Historically the earliest photographs of Preston have been attributed to Silas, however I believe that John deserves more credit. The fact that advertisements after October 1845 simply refer to “Mr. Eastham” does not help!
The only reference I have come across to their having been a licence is in Table 1 (p385) of a paper “Beard Patentee: Daguerreotype Property and Authorship" by Steve Edwards published in the Oxford Art Journal, 2013. It was not mentioned in Robert Fisher’s piece in the Daguerreian Annual, 1992.
I would be grateful to anyone who can point me in the direction of, or provide me with, any relevant papers or publications so as to enable me to investigate this further. Thank you!
Comments
Thanks for this Michael, like many photohistorians the Heathcotes' A Faithful Likeness was my early bedtime reading, I had a print copy, and was grateful when Bromley House made the appendices available online. I enjoyed the pilgrimage to Bromley House the RPS organised last year, holding some of Pauline's card indexes was a real blast from the past. I'd forgotton about Wood's Midley listings, more bedtime reading!

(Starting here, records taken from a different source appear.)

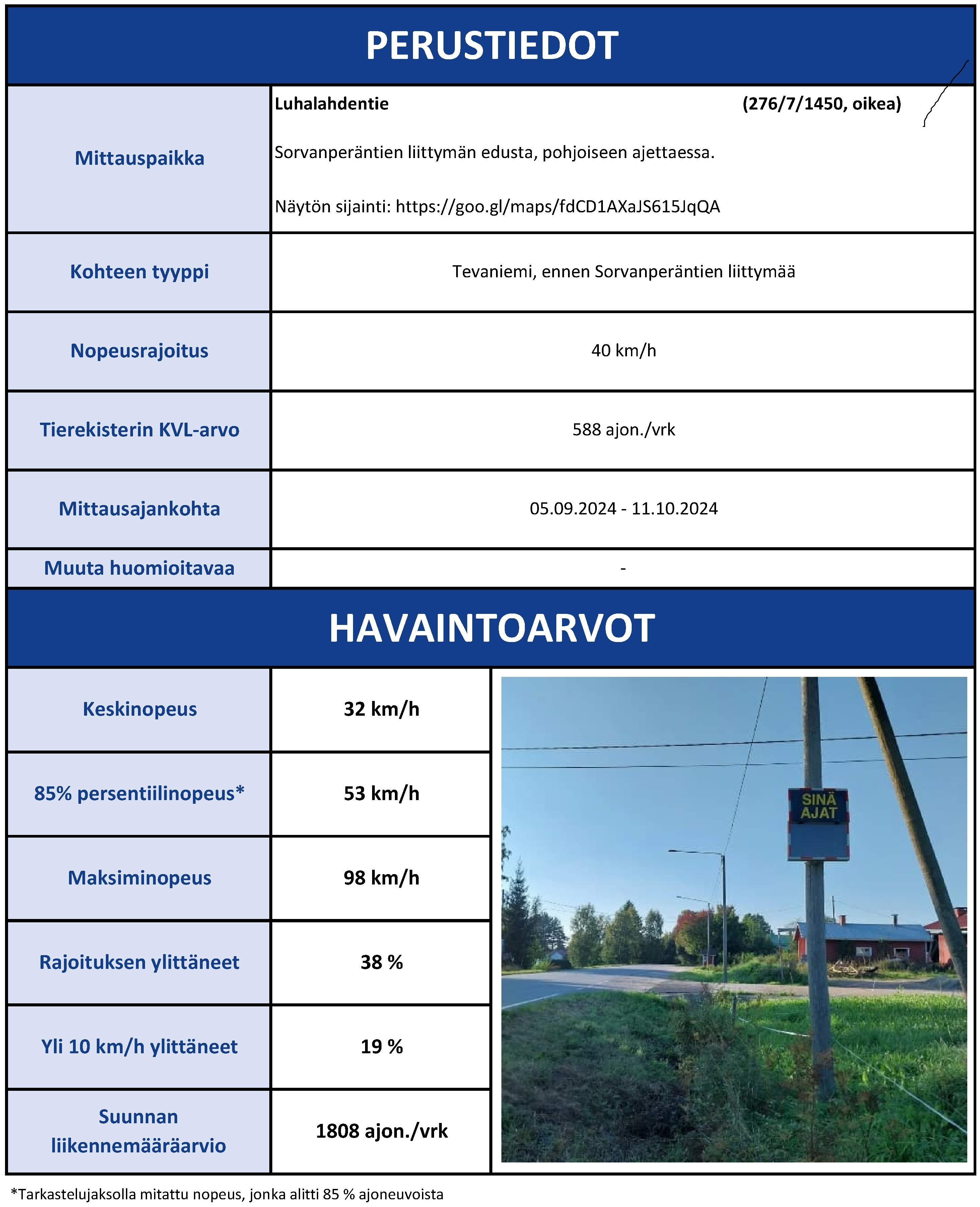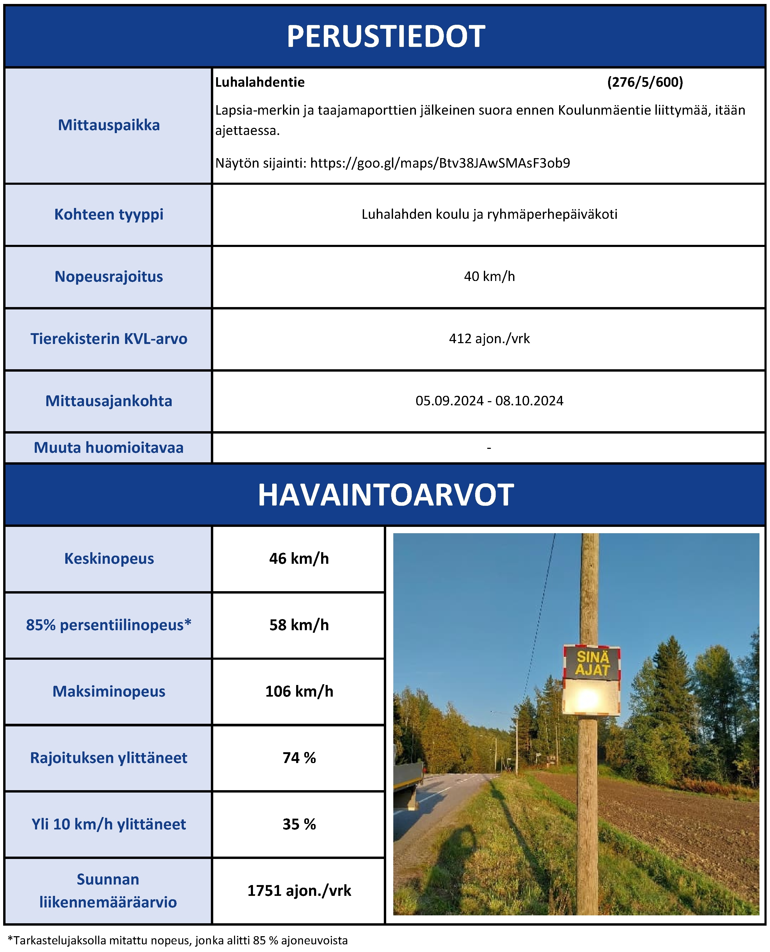Esimerkiksi Luhalahdentien mittauspisteellä, Luhalahden koulun kohdalla, 74 % autoilijoista ylitti nopeusrajoituksen, ja 35 % ajoi yli 10 km/h ylinopeutta. Suurin mitattu nopeus oli peräti 106 km/h alueella, jossa rajoitus on 40 km/h.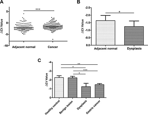 Figure 1: RMRP expression levels in gastric cancer tissues. (A) RMRP expression levels were downregulated in 68.2% gastric cancer tissues compared with the paired adjacent non-tumorous tissues. (B) RMRP expression levels were significantly decreased in gastric dysplasia tissues compared with the healthy control group. n = 28. (C) RMRP expression levels in the tissues from various stages of gastric carcinogenesis. RMRP expression was only significantly decreased in gastric dysplasia (n = 28) and gastric cancer tissues (n = 132) compared with healthy controls (n = 37) and benign lesions (n = 34). RMRP expression levels were detected by qRT-PCR. Smaller ΔCt value indicates higher expression. *P < 0.05, **P < 0.01, ***P < 0.001.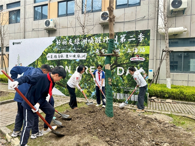 目光从华北平原转向江南水乡,在上海师范大学附属青浦实验中学及小学,另一场关于生机的约定也在进行着。好丽友员工志愿者们与学校师生携手建立“秋实园”,栽种乌桕、桂花、石榴、晚樱、红枫、蜡梅等十余种树木。这些树种的搭配别具匠心,致力于让校园四季充满生机,不但丰富了校园的生物多样性,而且在学生们心中种下爱护自然、敬畏生命的种子。

The best source is the Heathcotes' A Faithfull Likeness which is available as a free PDF download here Or R Derek Wood's researches here Neither confirm that the Easthams were Beard licensees, although the Heathcotes note that Beard himself opened a dag studio in 1841. They have short biographies for both Easthams which look useful and are referenced. Steve is now at the Courtauld in London and may have a reference - he's working on a book on the British daguerreotype.